Shares of Frequency dropped from $36 to $7 the day the news was announced, and have remained well below previous highs since. In response, some shareholders have filed a class-action lawsuit claiming leadership misrepresented FX-322 in earnings calls, press releases, SEC filings and presentations before March 23, 2021.
At this point, company leadership argues that this study was tainted by bias — because patients may have underreported their own hearing ability to gain access to the trial, said LeBel. And the study didn’t adequately control for that possibility.
“As patients were coming in to the study, there were inconsistencies between their historical speech perception scores and the scores that they were coming into at the baseline visit of the study,” LeBel told TechCrunch.
Jason Glashow, Frequency’s senior vice president of corporate affairs, clarified that the company sees this as a “design issue” with the trial.
“While there is bias in the study it’s not the fault of people who participated,” he told TechCrunch.

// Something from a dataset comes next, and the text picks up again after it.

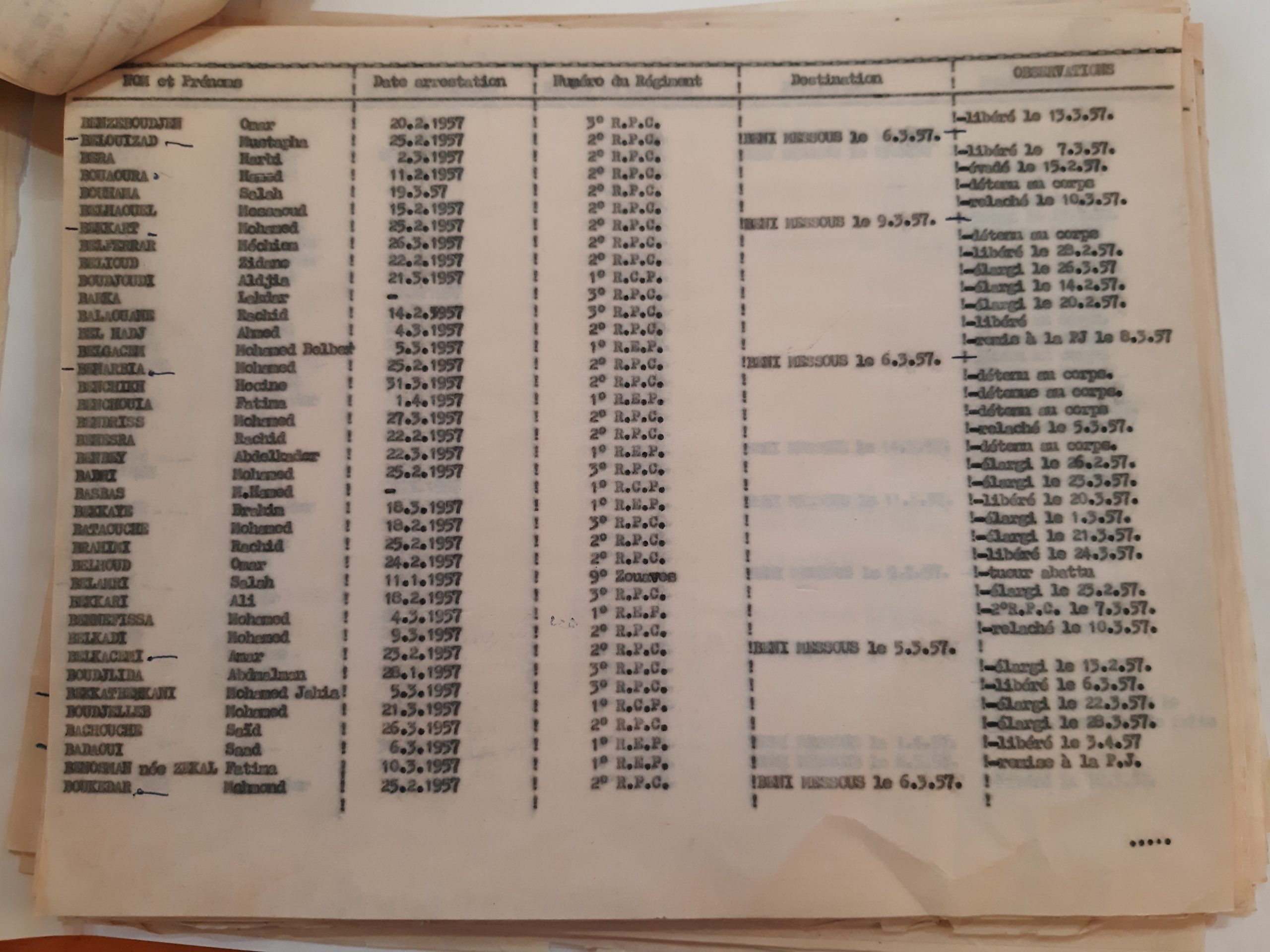 – Fichier des arrestations de janvier-février-mars-avril 1957 constitué par la 10e DP à partir des déclarations des différents régiments, Fond de la préfecture d’Alger, carton 91 1 K 1039, Archives Nationales d’Outre-Mer (ANOM / Aix-en-Provence, France).

During the R&D day, Frequency reported pooled data from three of the Phase I studies to make the case that FX-322 was showing a pattern of response, and that the Phase 2 study was an outlier.
It’s unclear how this news may or may not impact the ongoing legal proceedings. But the experience has informed the construction of future studies on the FX-322 drug.
Frequency has already announced the beginning of a new Phase 2b clinical trial on FX-322. This study on 124 participants included a one month “lead in” section to monitor participants’ hearing before baseline hearing is measured. The first patient was dosed in October 2021.
It will also narrow the focus on what type of hearing loss the company is targeting: these subjects will have diagnosed noise-induced or sudden sensorimotor hearing loss. It’s a fine distinction, but slightly changes the parameters of what types of hearing loss the therapy targets. (Still, noise-induced hearing loss affects between 10 and 40 million people per year, per CDC estimates).
A new drug candidate and MS program
Aside from FX-322, Frequency is, for the first time, looking to bet on more than just one product to establish itself. The company also has plans to test a new product, called FX-345, a more potent version of the small molecule in FX-322. That potency, said Loose, gives this product the ability to penetrate deeper into the cochlea.
The company will be pursuing an Investigational New Drug Application IND (IND) in Q2 of next year.
Frequency is also in the process of developing a multiple sclerosis drug called FX-162 – another step toward one of the company’s earlier articulated goals: to focus more broadly on regenerative medicine.
According to a presentation viewed by TechCrunch, the company does have preliminary data from mouse studies suggesting the drug has been able to help drive oligodendrocyte production. Those cells produce the fatty sheath that is degraded in patients with multiple sclerosis.
However, the company wouldn’t disclose a timeline for upcoming studies.
For now, the focus remains on FX-322, and on the newly designed trials that can provide answers to some outstanding questions.